While Sudesh Amman— the 20-year-old terrorist who carried out the attack a week after his prison release—was nabbed and shot dead by police, it is believed that Amman harbored deep desires or rather a “fascination with dying in the name of terrorism.”
Officials maintained that Amman, who was freed from prison after serving more than half of his three years and four months jail term, was under special monitoring by police as he was deemed sufficiently high risk. Footages from the incident see cops in plain clothes, arriving at the scene in the shortest possible time and firing five gunshots and killing Amman, who was positioned outside a branch of the chemist Boots.
Just as soon as the news of the incident surfaced followed by the news of Amman’s death; questions were directed at how the freed terrorist was successful in carrying out the vicious deed soon after his release, despite being under stringent police scrutiny.
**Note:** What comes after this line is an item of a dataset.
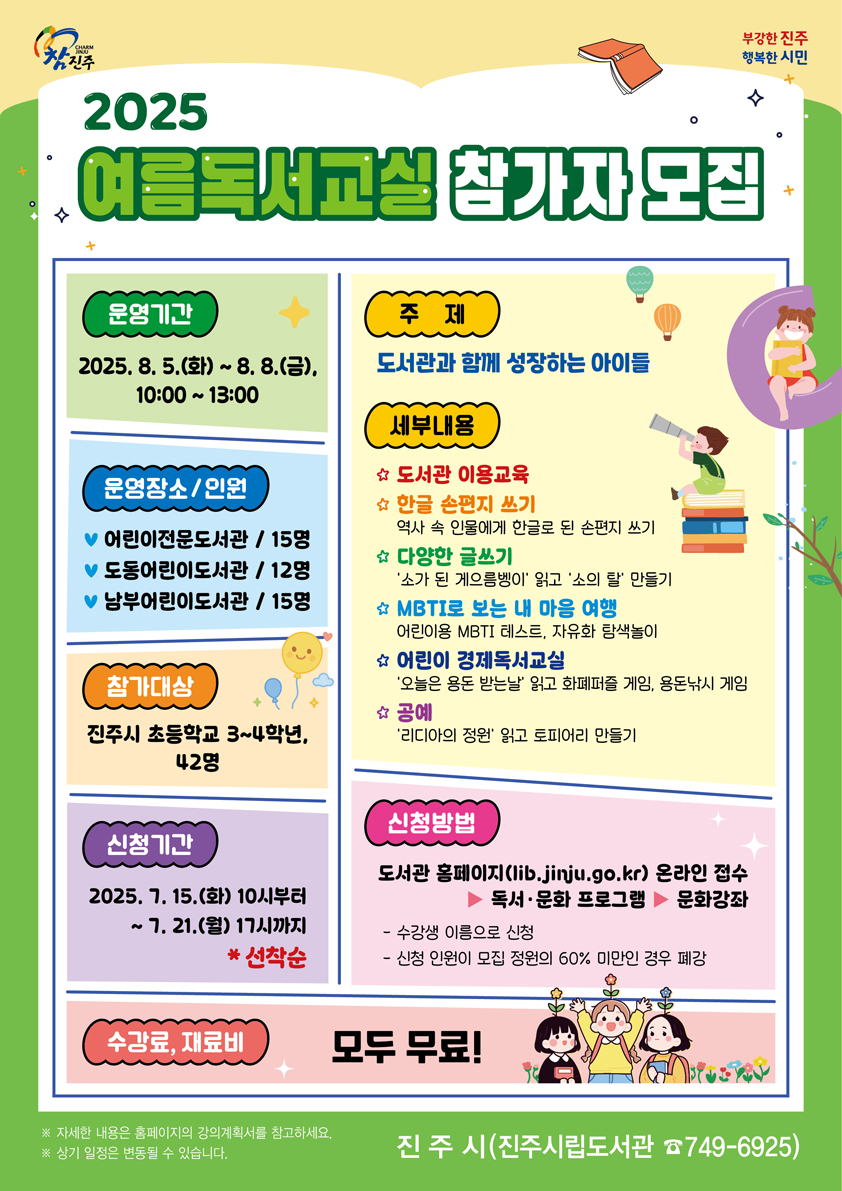 진주시립도서관 "여름방학독서교실 모집"안내

Addressing the same, a Whitehall official stated: “He was under surveillance, that is what allowed police to do their job so quickly. It could have been much worse than it was.” The official added, “There had been concerns when he was in prison but there were no powers for any authority to keep him behind bars.”
Amman, who seemed to have a strange obsession with “dying a martyr” also seemed to have developed a “fierce interest in violence and martyrdom.” “His fascination with dying in the name of terrorism was clear in a notepad we recovered from his home. Amman had scrawled his ‘life goals’ in the notepad and top of the list, above family activities, was dying a martyr and going to ‘Jannah’ – the afterlife,” maintained Acting Commander Alexis Boon, then head of the Metropolitan Police counter-terrorism command, when the then-18-year-old Amman was jailed.
Amid a further probe into the exchange of messages during his tenure in jail, it came to light that Amman who pledged allegiance to Islamic State often coaxed his girlfriend to carry out similar acts—whatever seemed possible in her capacity. As per a media outlet, he wrote to her: “If you can’t make a bomb because family, friends or spies are watching or suspecting you, take a knife, Molotov, sound bombs or a car at night and attack …”
The incident comes in after a span of three months in the British Capital after terrorist prisoner Usman Khan carried out a similar attack in the London Bridge terror attack in late November.
The attack is stated to have prompted an incisive debate about sentencing for terrorists. After an emergency meeting in Downing Street with Priti Patel, the home secretary, and senior police officers, Boris Johnson said: “[On Monday] we will announce further plans for fundamental changes to the system for dealing with those convicted of terrorism offenses.”